▶ [TASK DIRECTIONS] As you work through the listing below, copy each line exactly and drop the images.

▶ [RECORDS FOR THIS EXERCISE]
########################################

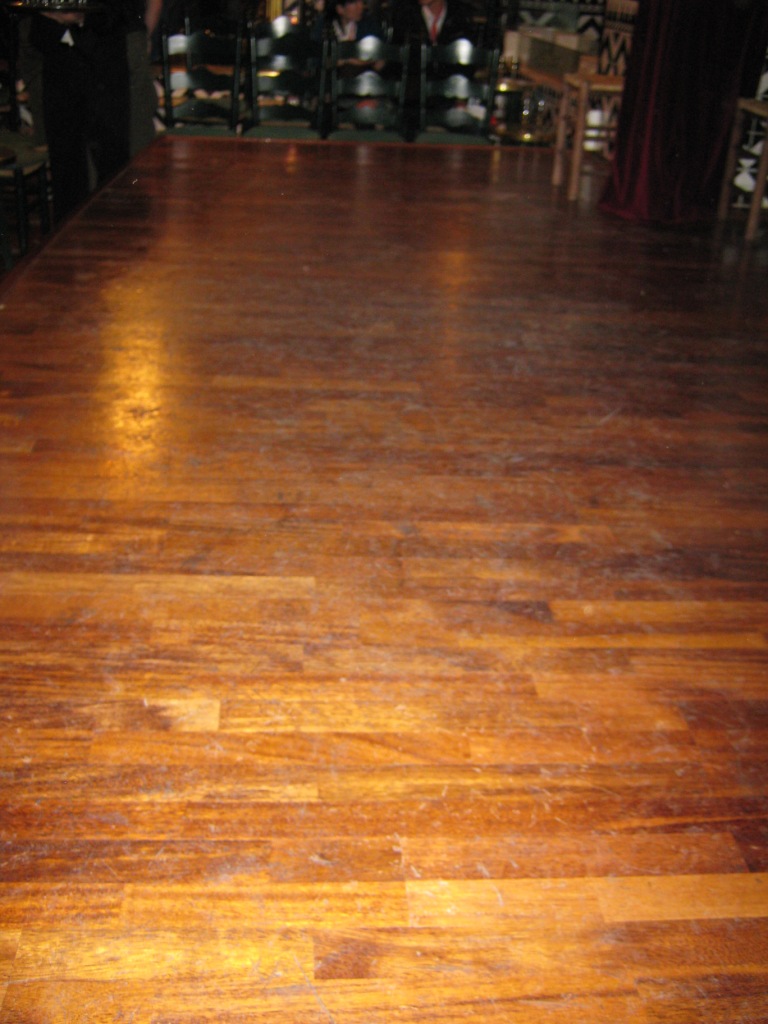 よくみると、ステージの床はタップで踏まれて歴史ある傷を刻んでいた
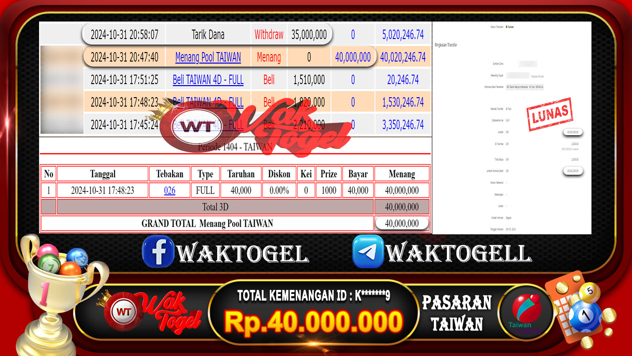 JACKPOT TOGEL WAKTOGEL BUKTI PEMBAYARAN TAIWAN WAKTOGEL By JPWT Oktober 31, 2024 0 comments 2 min read BUKTI PEMBAYARAN TAIWAN WAKTOGEL BUKTI PEMBAYARAN TAIWAN WAKTOGEL RP. 40.00.000 – GAME : TOGEL TAIWAN POOLS (USER ID : K*******9)TANGGAL|31-10-2024| CASH LUNAS ! Kami ucapkan […]
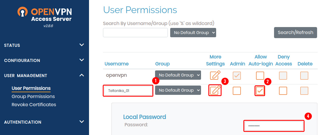 In order to manage your users on OpenVPN Access Server navigate to User Management -> User Permissions
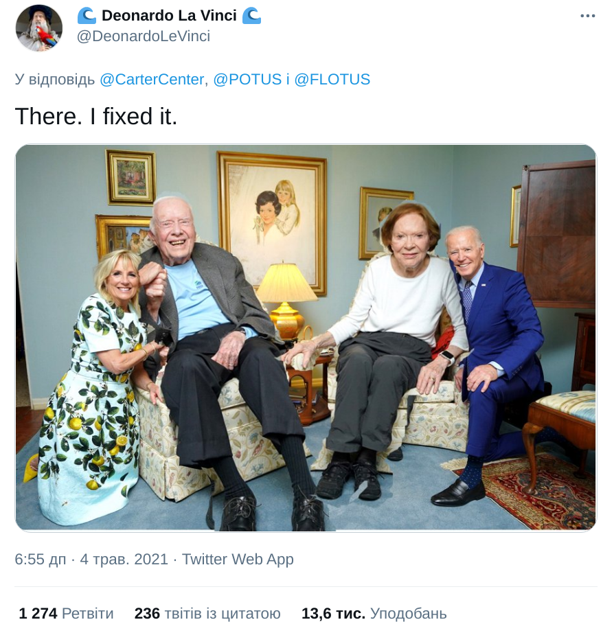 Фото зробили 29 квітня у містечку Плейнс, де найстарший американський президент в історії Джиммі Картер (96 років) живе зі своєю дружиною Розалін (93 роки). На ньому Картери сидять у кріслах, а Байдени стоять поруч на колінах, демонструючи вражаючу різницю в розмірах.
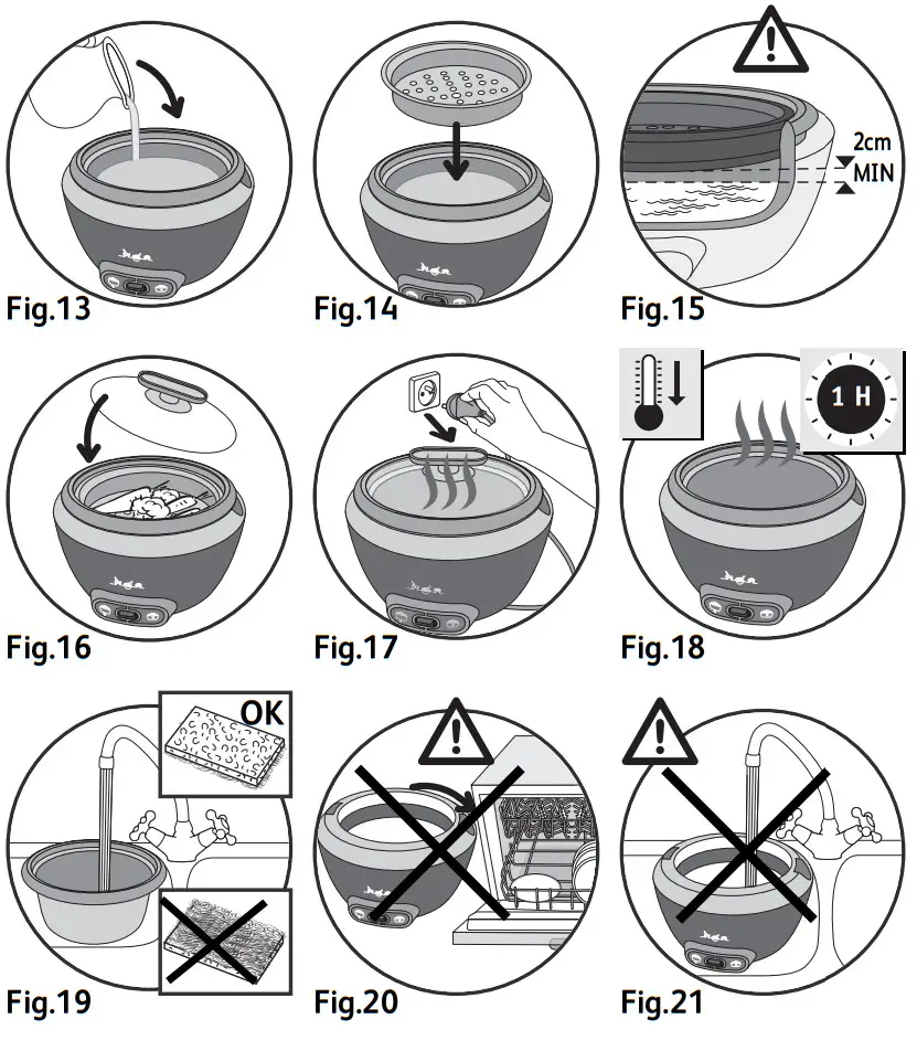 Use hot water, washing-up liquid, and a sponge to clean the bowl – Fig 19, the lid and the steaming basket. Scouring powder and steel wool is not recommended. - If there is food stuck to the bottom of the bowl, leave it to soak before washing.

########################################

▶ [SOLUTION TO THIS EXERCISE]
 よくみると、ステージの床はタップで踏まれて歴史ある傷を刻んでいた
 JACKPOT TOGEL WAKTOGEL BUKTI PEMBAYARAN TAIWAN WAKTOGEL By JPWT Oktober 31, 2024 0 comments 2 min read BUKTI PEMBAYARAN TAIWAN WAKTOGEL BUKTI PEMBAYARAN TAIWAN WAKTOGEL RP. 40.00.000 – GAME : TOGEL TAIWAN POOLS (USER ID : K*******9)TANGGAL|31-10-2024| CASH LUNAS ! Kami ucapkan […]
 In order to manage your users on OpenVPN Access Server navigate to User Management -> User Permissions
 Фото зробили 29 квітня у містечку Плейнс, де найстарший американський президент в історії Джиммі Картер (96 років) живе зі своєю дружиною Розалін (93 роки). На ньому Картери сидять у кріслах, а Байдени стоять поруч на колінах, демонструючи вражаючу різницю в розмірах.
 Use hot water, washing-up liquid, and a sponge to clean the bowl – Fig 19, the lid and the steaming basket. Scouring powder and steel wool is not recommended. - If there is food stuck to the bottom of the bowl, leave it to soak before washing.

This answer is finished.